# Critique of horse I am trying to sell



## aggiegirl14 (Dec 22, 2011)

Meet Kiddin Fancy Dee, aka Fancy. She will be 6 in March and I have been trying to sell her for about a year now :-/ I was hoping to get some critiques on her and see if maybe I was asking too much, or if she had any obvious flaws. The video is from when I came home from my first year of college and she hadn't been ridden (nor had I) in about 6 months! 

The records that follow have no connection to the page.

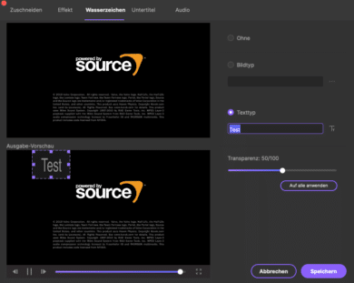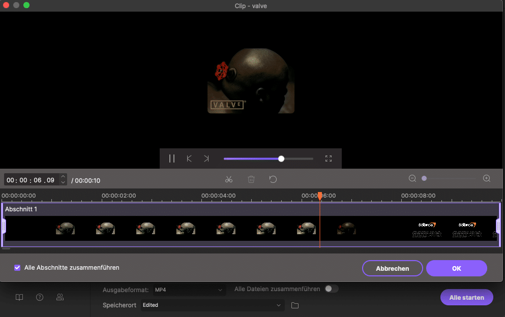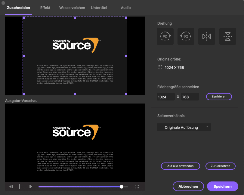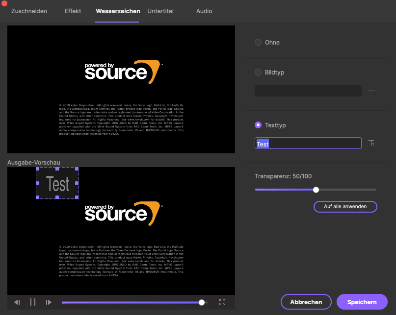 Doch Videos lassen sich mit dem UniConverter nicht nur maßgeschneidert konvertieren. Darüber hinaus kann man sie gezielt bearbeiten. In der Praxis ging dies sehr leicht von der Hand. Ich konnte die Videos nicht nur schneiden, sondern auch Wasserzeichen einarbeiten. Zum Test nahm ich mir das kurze Intro-Video von Valve zur Hand.
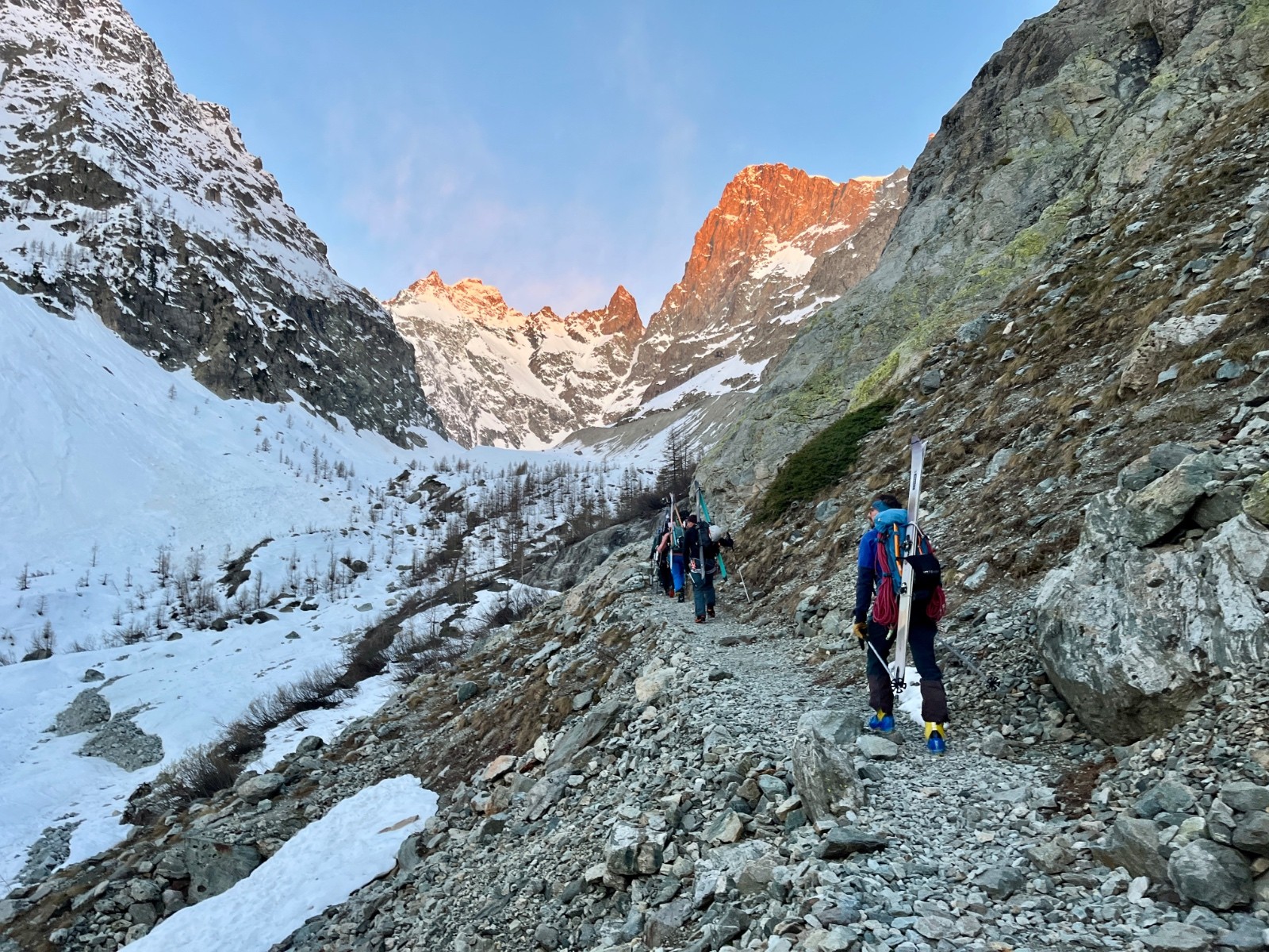 Altitude de chaussage/déchaussage : 1850 m (mais à pieds pour franchir le verrou du Glacier Blanc).
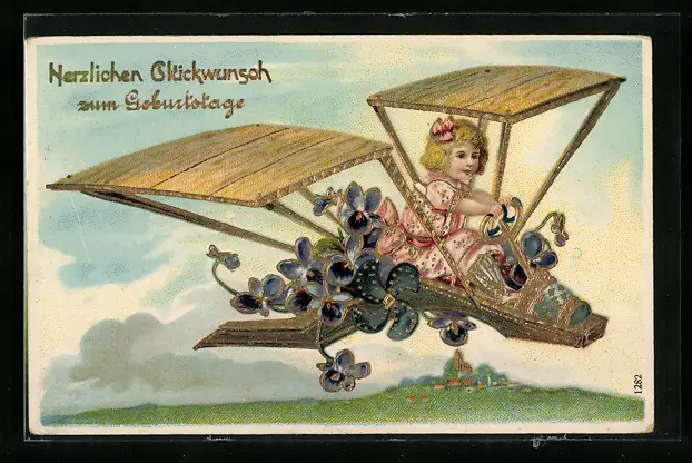 Präge-AK Neujahrsgruss, Mädchen mit Veilchen im Flugzeug
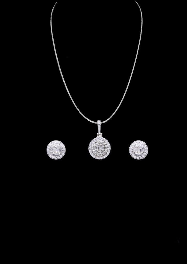 Elevate your style with this exquisite white gold pendant with chain and earring set. Crafted with precision, this set offers a perfect blend of sophistication and sparkle, featuring natural diamonds set in 18K white gold.

She is APHA registered, not spooky, very smart (almost too much for her own good!), flashily (<--?) colored being that she is a light roan (hard to see in picture), trailers, stands for farrier, etc.. I guess she would be considered green broke, but she has been successfully ridden on the road and even competed as a 2y/o in the Futurity class at the Texas State 4H Horse Show. She does have a bit of an attitude and can be disrespectful at times. I am asking $1750, but am open to negotiations because I realize this is a high price for a fairly inexperienced horse.


----------



## aggiegirl14 (Dec 22, 2011)

This might belong in the confo thread?


----------



## SorrelHorse (Apr 9, 2009)

I don't think I would pay that much for her. I am seeing a horse with minimal training (From the video, it looks like all she knows is circles) and particularly to the left I see her dumping on her forehand. I also see her bracing against you on the stop and backup, which would get better with a lot of suppling and flexion.

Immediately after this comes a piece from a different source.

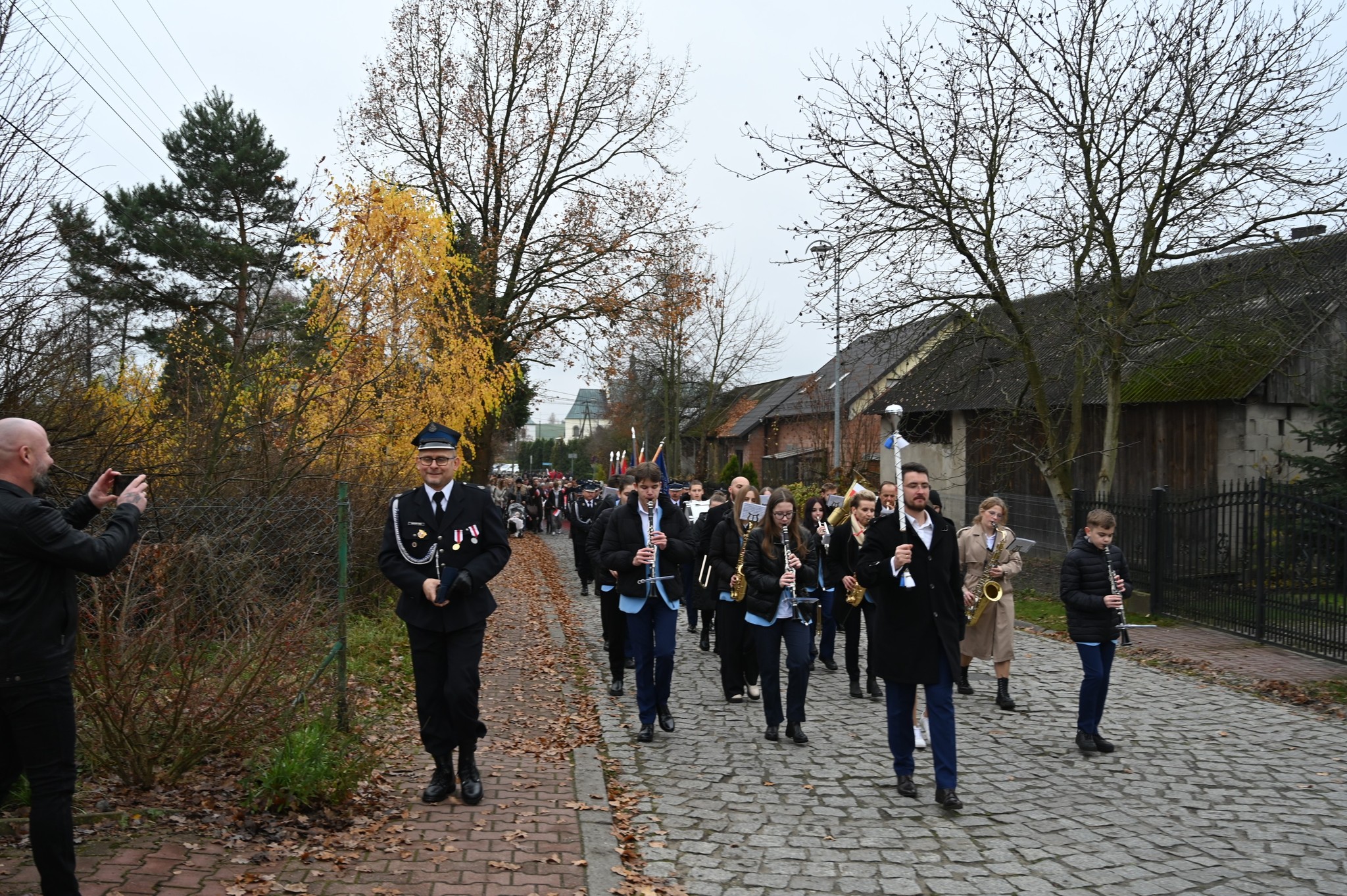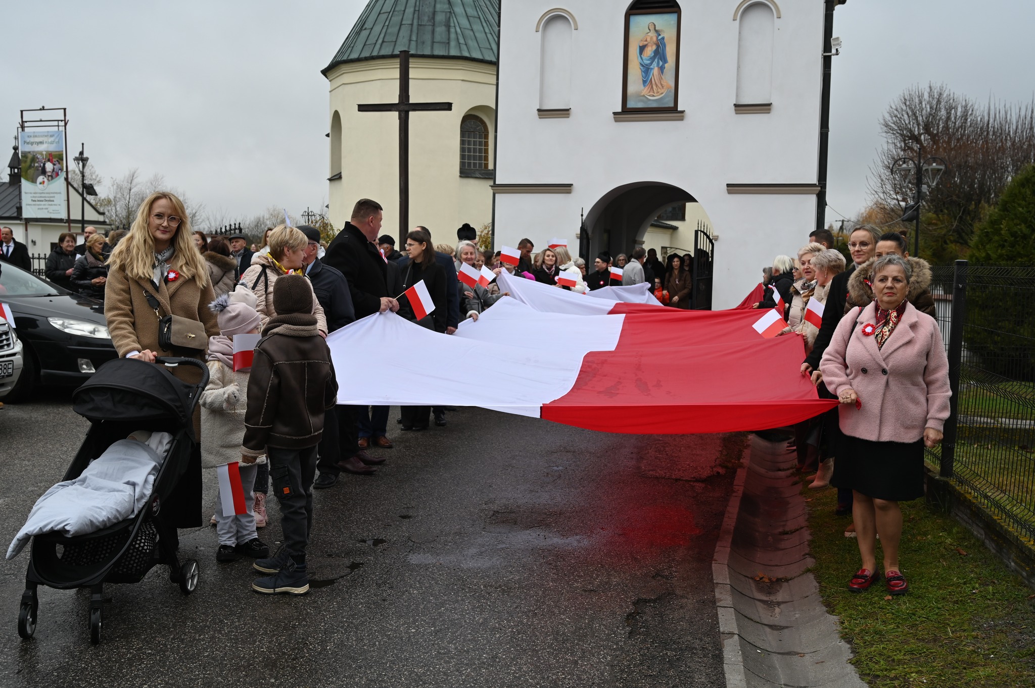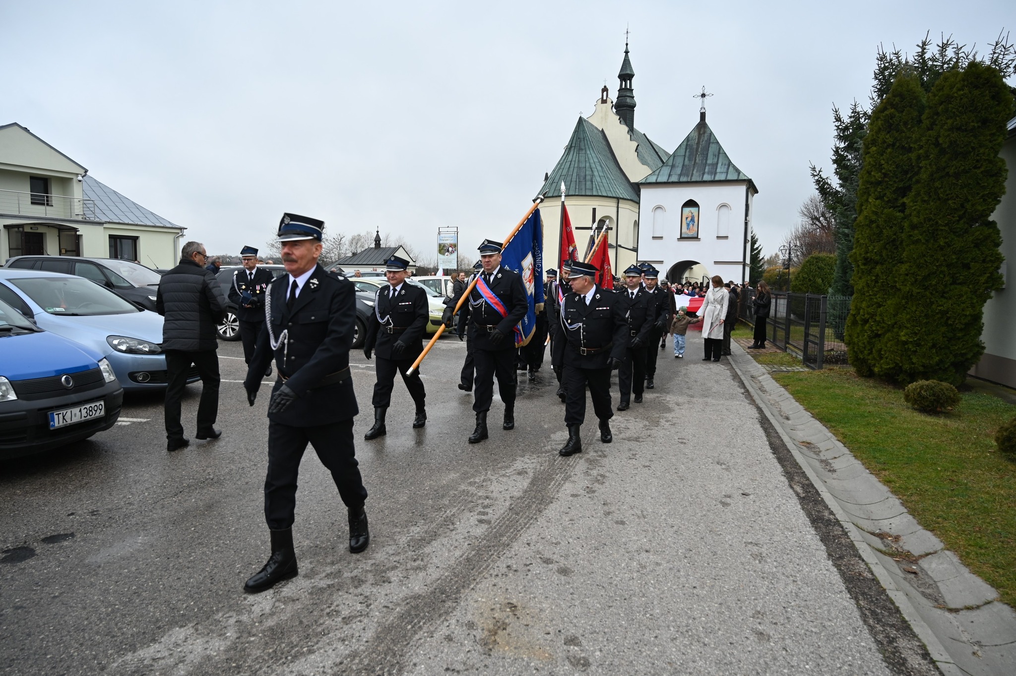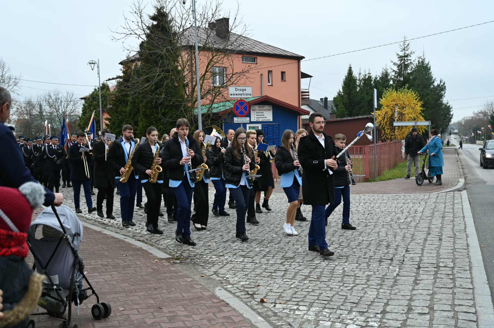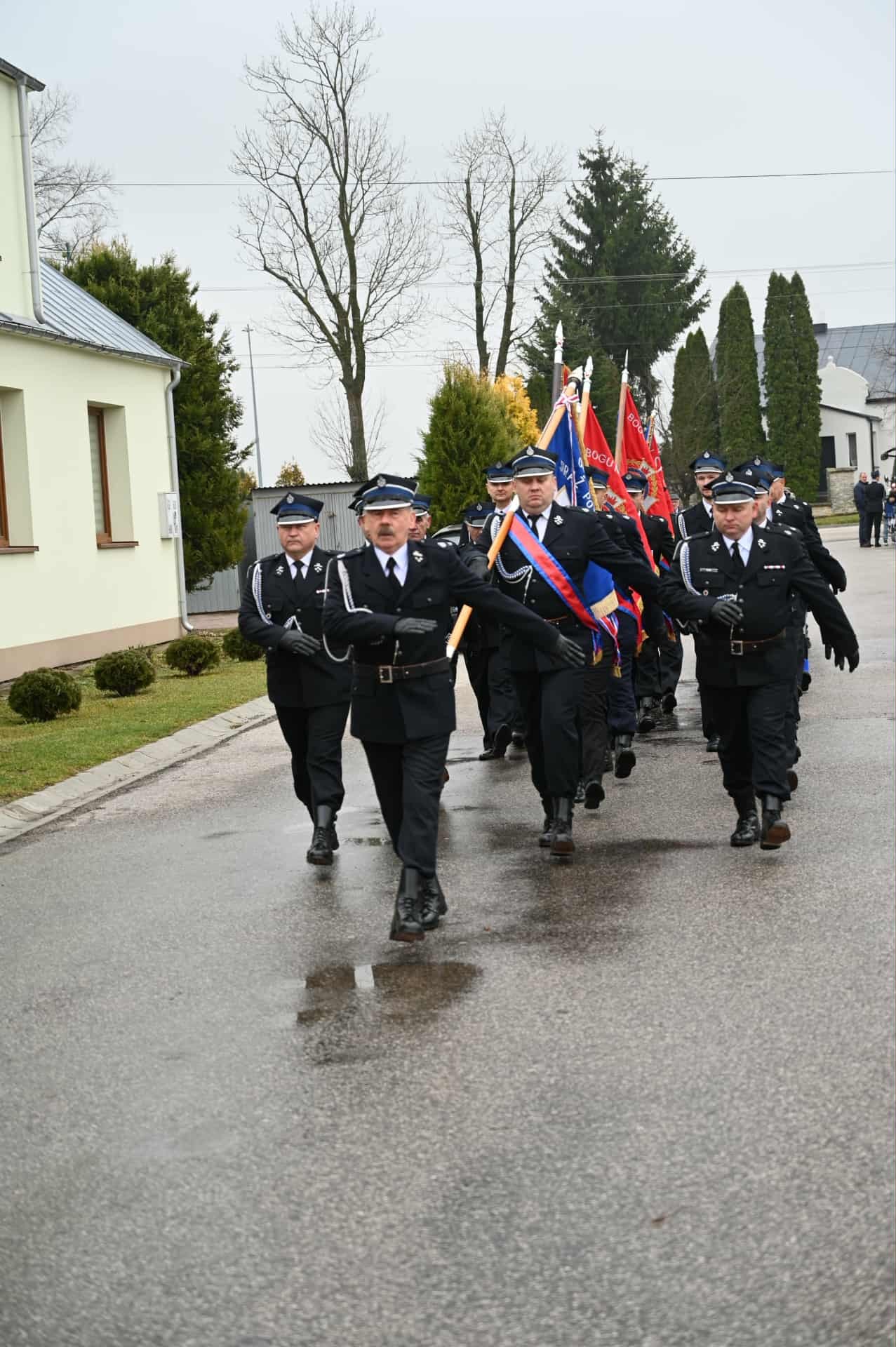 Po zakończonej Mszy Świętej uczestnicy przemaszerowali ulicami Strawczyna w uroczystym pochodzie prowadzonym przez Orkiestrę Dętą ze Strawczyna. Wśród maszerujących znalazły się poczty sztandarowe jednostek Ochotniczych Straży Pożarnych, harcerze 15 Drużyny Harcerskiej „Litwos” z Oblęgorka, uczniowie, seniorzy i mieszkańcy niosący ogromną biało-czerwoną flagę.

Also I would be very interested to see all four conformation photos, and a closeup of the front legs. I have eyesight issues and the zoom on my laptop doesn't work for some odd reason, but I see something not quite right there. Long fetlocks maybe, or long toes? Does anyone else see it? I generally try to avoid conformation critique because of my bad eyes, but I'm interested to see what a more experienced conformation critiquer has to say.


----------



## aggiegirl14 (Dec 22, 2011)

Thank you for the reply. Like I said, that video was after not being ridden for 6 months haha but yes, she has had minimal training. Mostly that's because the only place I have to work with at my house is that round pen :-/ (which could explain why she is so much on the forehand?) I made a post about this in the tack thread, the reason she is bracing against me is her sensitive mouth. It gets sunburned and chapped really bad and even that O-ringed snaffle makes the corners of her mouth bleed sometimes. I'm not sure if it hurts her when I pull back, or if she is just being stubborn. My question in the tack thread was if a bosal might work better for her... Would you happen to know? 

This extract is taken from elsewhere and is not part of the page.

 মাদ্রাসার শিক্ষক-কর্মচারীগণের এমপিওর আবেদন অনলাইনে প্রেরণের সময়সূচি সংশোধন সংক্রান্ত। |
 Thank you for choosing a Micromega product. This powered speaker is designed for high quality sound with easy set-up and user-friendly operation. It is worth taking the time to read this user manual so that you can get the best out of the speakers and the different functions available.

About the legs, I think her hooves are just a little too grown out in this picture. Could that be it? I've also always thought her pasterns are a little too straight and possibly long. I only have a shot of the other side and some random ones:


















I actually found these more recent ones on my computer:


----------



## redape49 (Jul 29, 2011)

I see that she is sickle hocked, long cannon bones, butt high & downhill, long back, ewe neck and looks a tad cow hocked. SHE IS A GORGEOUS GIRL THO!!


----------



## equiniphile (Aug 16, 2009)

Yes, I think you are asking too much. She is a lovely mare, but she is quite green, and it doesn't seem like she has many miles on her. Especially in Texas, the horse market isn't great right now. However, she does look like she has potential with more training, so that keeps her worth up a bit.

Sorrel, I think her toes are just a tad long....her pasterns are also a bit low-slung, but nothing that would be a deal-breaker (for me, at least).

If she takes to the bosal well, that could definitely help her out. I would try it and see how it works for her.


----------



## iridehorses (Oct 22, 2007)

There are several reasons why horses don't sell in a years time. I think the primary reason is value for the money.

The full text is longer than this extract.